Arson incident at Syrian consulate ignored by media
Every now and then, Syria jumps into the headlines, and our consciousness. Even then, it's easy to forget the big picture: that the United States government and its allies are waging, through surrogates, a war designed to overthrow an existing government.
One of the reasons we forget is that the news media does such a terrible job of providing context. Here are a few contextual aspects we've collected over the past few weeks:
Who Caused the Crime?
The New York Times reported that Syria is descending into lawlessness, that ordinary crime has the population terrified:
"The consequences of the war here have become familiar: neighborhoods shelled, civilians killed and refugees departed. But in the background, many Syrians describe something else that has them cowering with fear: a wave of lawlessness not unlike the crime wave Iraq experienced during the conflict there.
"From Dara'a, near the Jordanian border, to Homs, Damascus and here in Syria's commercial capital -- the fighting has essentially collapsed much of the civilian state. Even in neighborhoods where skirmishes are rare, residents say thieves prey on the weak, and police stations no longer function because the officers have fled."
But who is responsible for this descent into chaos? We are. Our taxes and our government fuel the revolt in Syria, and so, whether or not we might feel the revolt itself worthy of support, we ought to at least acknowledge that the crime wave and attendant terror did not just happen, nor was it caused by the Assad regime.
Getting in and Getting the Story
For the longest time, we heard only stories interpreted by one side in this conflict. The reason, we were told, was because Western news organizations could not get their own reporters on the ground. But see this New York Times piece from July 30, reported first-person from Syria's biggest city, Aleppo. Because there is no staffer byline on the story, we may assume that the paper managed to find some competent and trustworthy Syrian to provide coverage. This raises the question of why it took so many months to recruit such personnel.
Recall that terror attack on a busful of Israeli tourists in Bulgaria? Despite a lack of solid evidence, Israel quickly labeled the attack the work of Iran-backed Hezbollah operatives. The attack, and the allegations against Iran and Hezbollah, were covered heavily around the world.
Did you hear about another terror incident? An arson attack completely destroyed two floors of the Syrian consulate in Almaty, Kazakhstan, Syria's only diplomatic mission in that country. That attack has been been little covered -- and journalists have shown no interest in figuring out who might have been behind it. Ironically, the US government's Radio Free Europe did cover it, though the media did not.
To be sure, the two incidents bore little resemblance, and the scale and consequences were not comparable. The Bulgarian attack involved a suicide bomber and resulted in fatalities and the Kazakh one did not. Nonetheless, the contrast in coverage and in assigning blame is striking.

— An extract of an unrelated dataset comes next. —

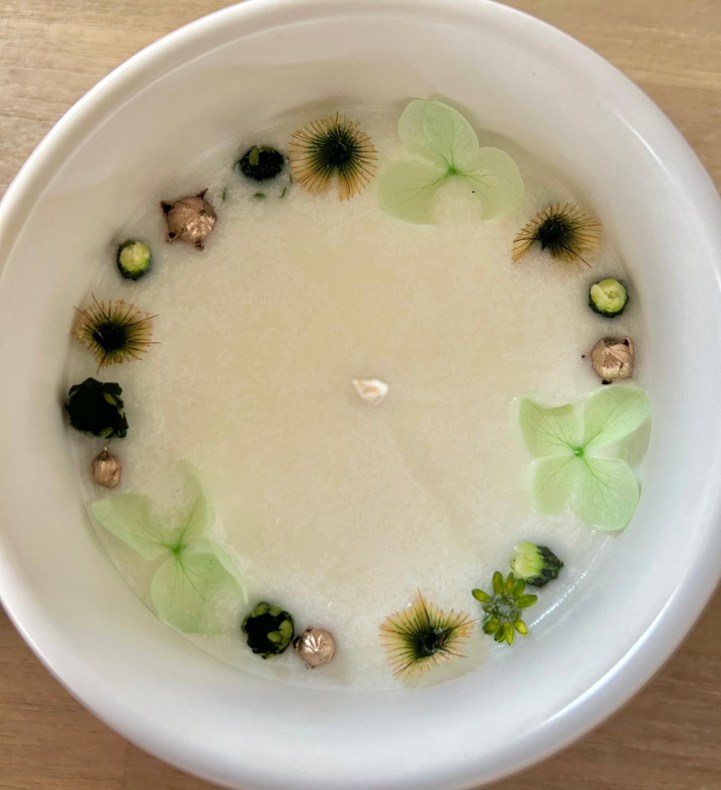 Des bougies artisanales réalisées avec des cires naturelles, agrémentées de fleurs séchées pour un design unique. Elles apportent une ambiance chaleureuse et élégante à votre intérieur.

It's interesting the way the Bulgarian attack was instantly connected with Iran--a country whose every doing (and non-doing) is fodder for a massive propaganda campaign designed to justify military action against it. Meanwhile, essentially no one bothered to propose who might have been behind the attack on the Syrian regime's consulate. Try a search on both and you will be astounded by the huge disparity in media interest. You will also be struck by the fact that the Syrian regime, which is under attack from forces sponsored by Saudi Arabia, the West and their allies, nevertheless does not specifically accuse America and its allies of being behind the attack.
Typically, when a broad "coalition" gets behind some proposed war, as with Syria, the motivations vary -- and the risks proliferate. It is of interest to note how the uprising in Syria is providing cover for another uprising -- by the stateless Kurds -- whose homeland sprawls into several countries, principally Syria, Iraq, Iran and Turkey. This is causing grave consternation in Turkey, which has fought a decades-long war with Turkish Kurds seeking to join a greater Kurdistan. Now that the Assad regime has been destabilized, the Turks have an incentive to speed up the effort to oust the Syrian government and get another one in place. The problem for Turkey is that it's just as likely that this will produce more chaos, and more problems with its Kurdish population.